Studies have shown that families that sit down and eat together tend to eat healthier meals than those who eat on their own or at different times. Even if time constraints make this difficult freeze healthy meals such as stews or casseroles and thaw them before supper and then serve a plate of raw vegetables or a salad to go with the meal. The point is to take the time to be together and to enjoy conversation, laughter and plenty of nutritious fruits and vegetables.

Don’t always cave in when your child says “No!”

Begin introducing your child to as many new foods as possible, starting around the age of two. However if your child does not want to eat a given food, don’t push it at him or her but try again another day. It often takes up to ten attempts if not more before a child will give something a try.

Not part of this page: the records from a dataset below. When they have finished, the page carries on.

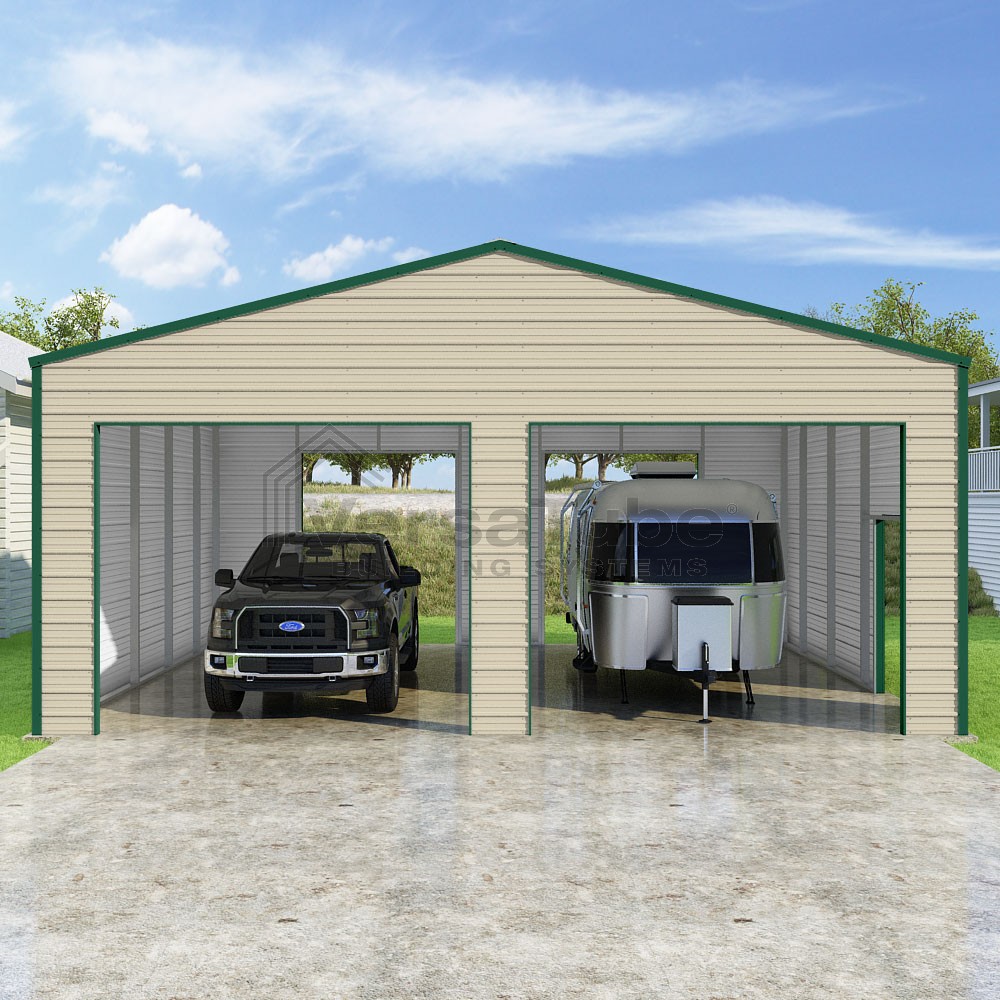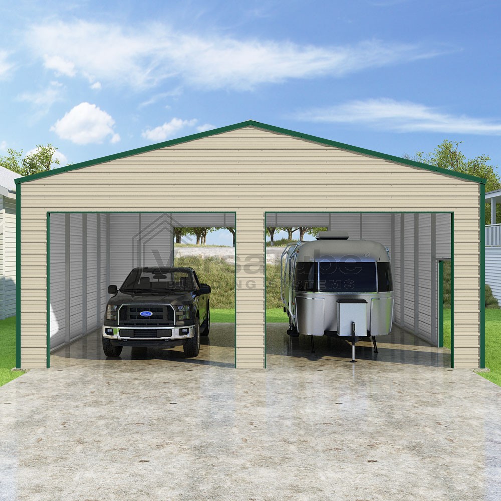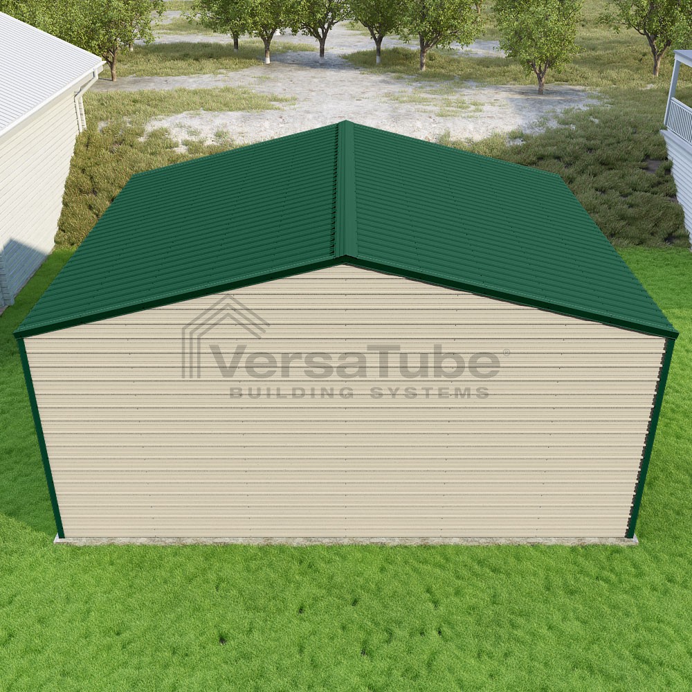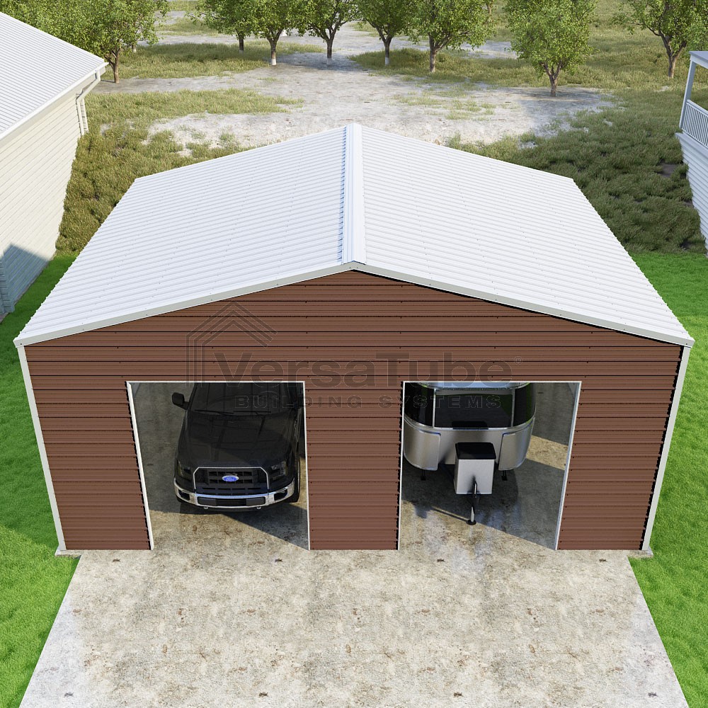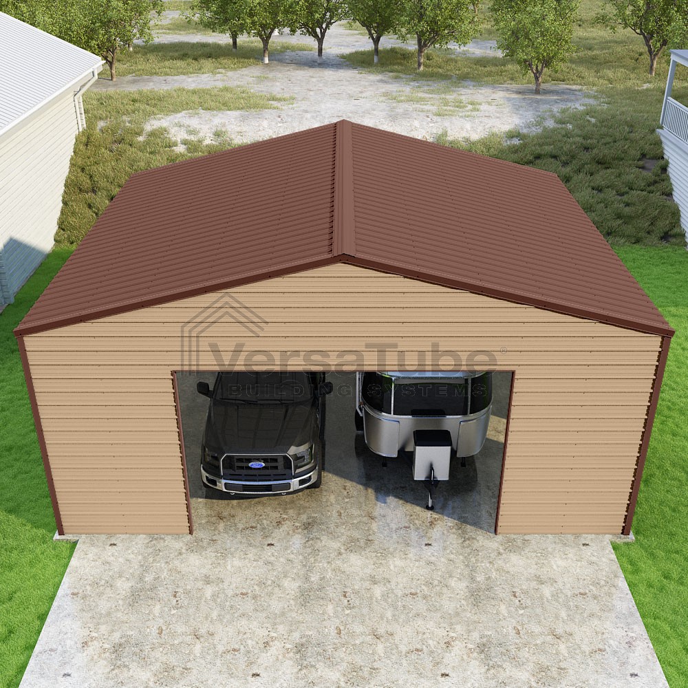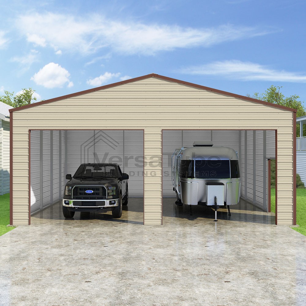 Frontier Series DIY garage kit features vertical sheet metal roof panels with horizontal siding panels..
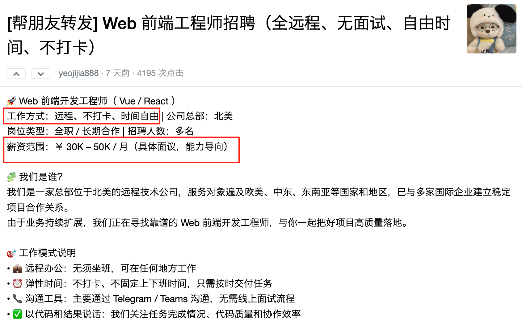 好家伙,全远程、无面试、自由时间、不打卡?月薪 30 - 50K?
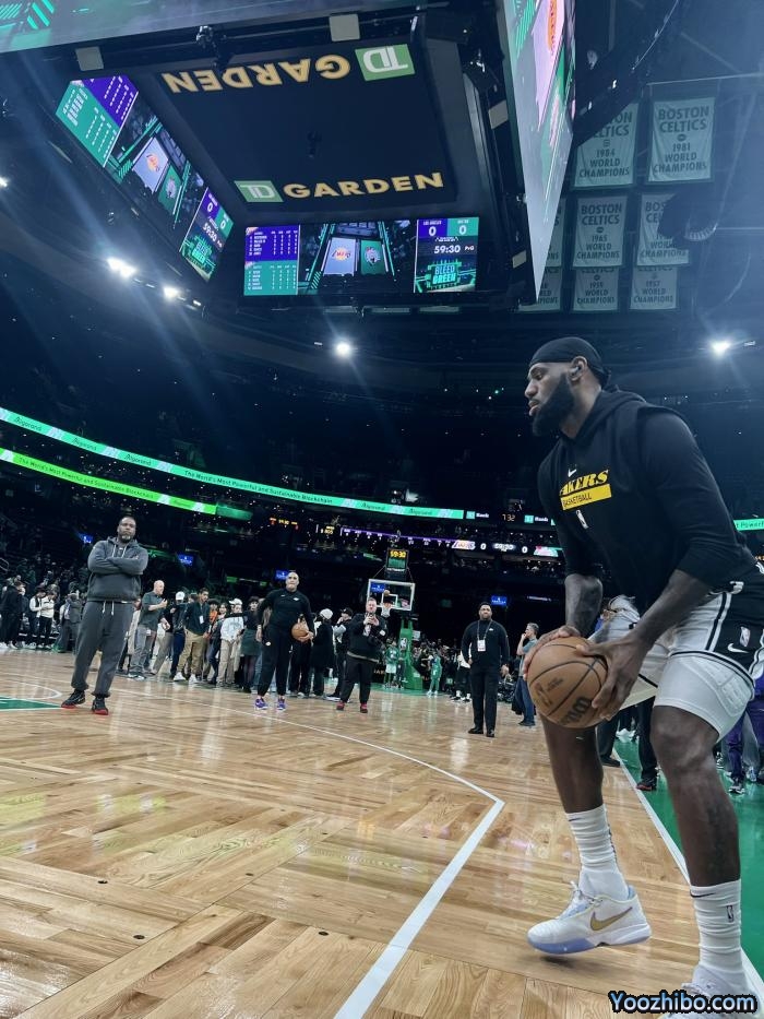 此前詹姆斯(左脚踝酸痛)被列为出战成疑,赛前热身后确定出战,老詹热身时遭现场球迷狂嘘;浓眉的状态也升级为可以出战,詹眉远赴波士顿挑战凯尔特人。
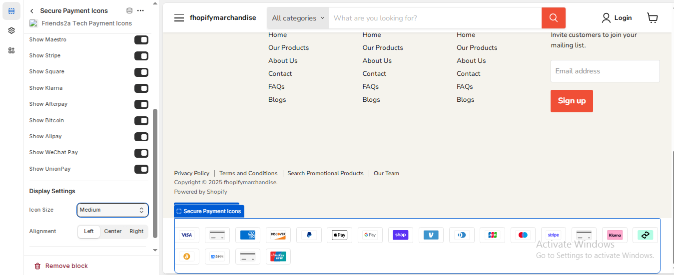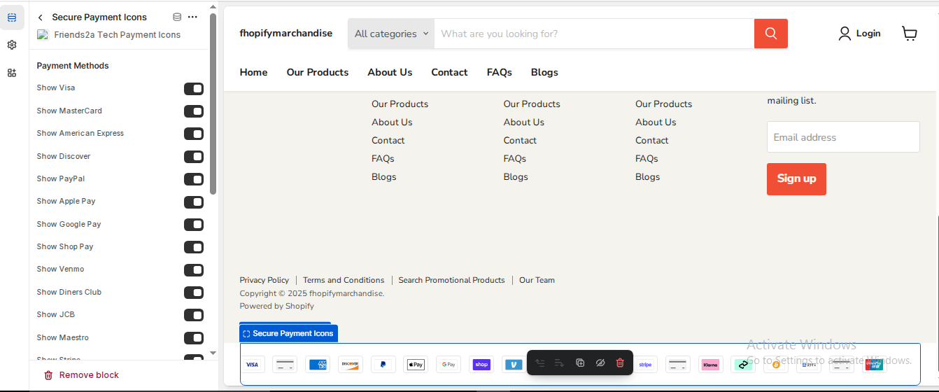 ⦁ Hide Footer Text/Links: Toggle on for a clean look (if available).

However if you have tried a gazillion times and he always spits it out or grimaces accept the fact that he does not like the food and move on to something else.

Seasoning is the key

Children often like bland, no fuss food but sometimes foods simply have a bitter taste such as broccoli, cabbage or spinach and will taste better with a little bit of seasoning added to them. Suggestions for this include a tiny speck of sugar or sea salt, a dash of low fat butter, some melted cheese, some low fat salad dressing, a dab of mayonnaise, a spoonful of honey or even a dab of maple syrup. Offer crackers or peanut butter.

Fun foods are a part of life

Fun foods include goodies such as cake, cookies, cupcakes and chips and sooner or later your child will become exposed to them. Allow your child goodies but always in moderation. Research studies show that when kids are not allowed goodies at all then they become even more sought after by them.